A crushing blow was the public sale of Tusculum at the courthouse door on 29 Aug. 1845 to Dr. Edmund Strudwick, who had long and patiently held the mortgages. Witherspoon seems then to have departed on a curious Wanderjahre or trek through South Carolina and Alabama, preaching and teaching wherever he could, while his wife, still at Tusculum by special provision of Dr. Strudwick, tried to cope with the increasingly alarming nervous illness of their youngest daughter, Mary Nash, whom she managed to take to Philadelphia for prolonged treatment on three occasions.
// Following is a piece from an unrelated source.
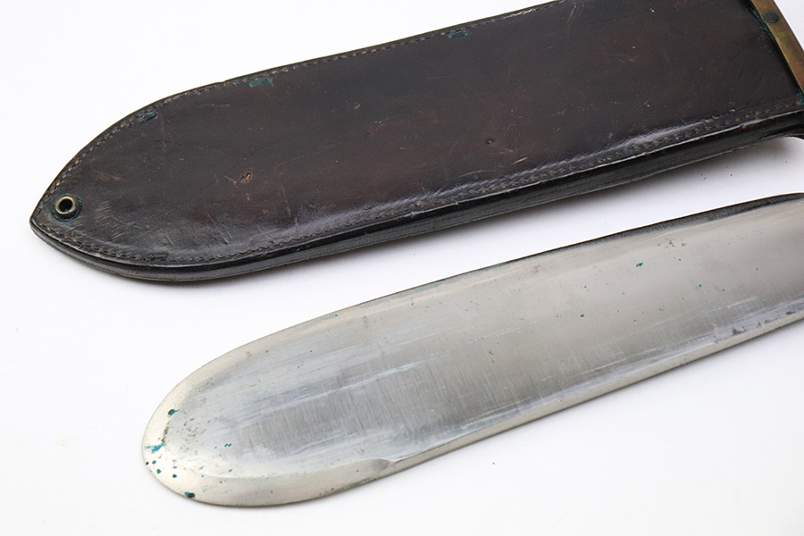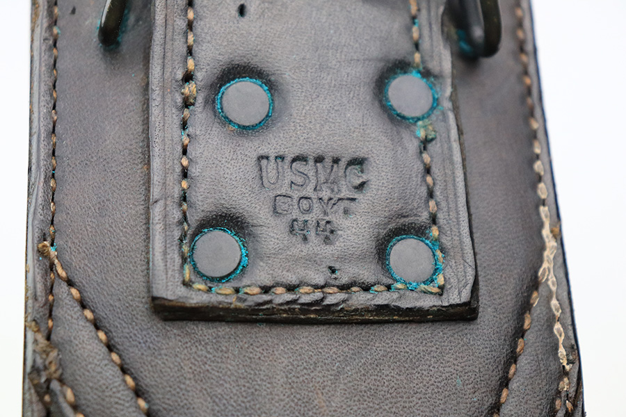 6/8/22 – This is an original WW2 production USMC bolo knife with the original scabbard. The blade is USMC stamped on one side, with a faint Clyde Cutlery maker marking found on the same side of the blade. There is some mild surface wear and spots of dark oxidation on the blade but overall the blade is clean. The wood handle has no cracks or chips, and 4 rivets all intact. The leather scabbard is in great condition with excellent stitching and a brass metal mouth. The backside is maker stamped and 1944 dated.

In 1851 and 1852 Witherspoon, back at Tusculum, seems to have been well enough at intervals to conduct a baptismal service and even to preach now and then as supply pastor. His ailment, which he later called "dropsy," may have been cancer of the respiratory tract. He died at the Tusculum farmhouse, entirely penniless, on the thirty-seventh anniversary of the memorable organization service in the Hillsborough Presbyterian Church. His funeral services were held there, and he was interred a few yards to the northwest in the Nash-Strudwick plot of the Old Town Cemetery. The Presbyterian congregation and townspeople purchased the obelisk marking his grave.
A crayon portrait of Witherspoon as a young man was owned by the family of the late Reverend Dr. James Whitted Witherspoon, Lexington, N.C. It was reproduced in the Hillsborough Presbyterian church's anniversary publication, One Hundred and Fifty Years of Service, 1816–1966 (1966). Mrs. Susan D. Witherspoon died a few months after her husband, on 31 Mar. 1854 in Camden, S.C.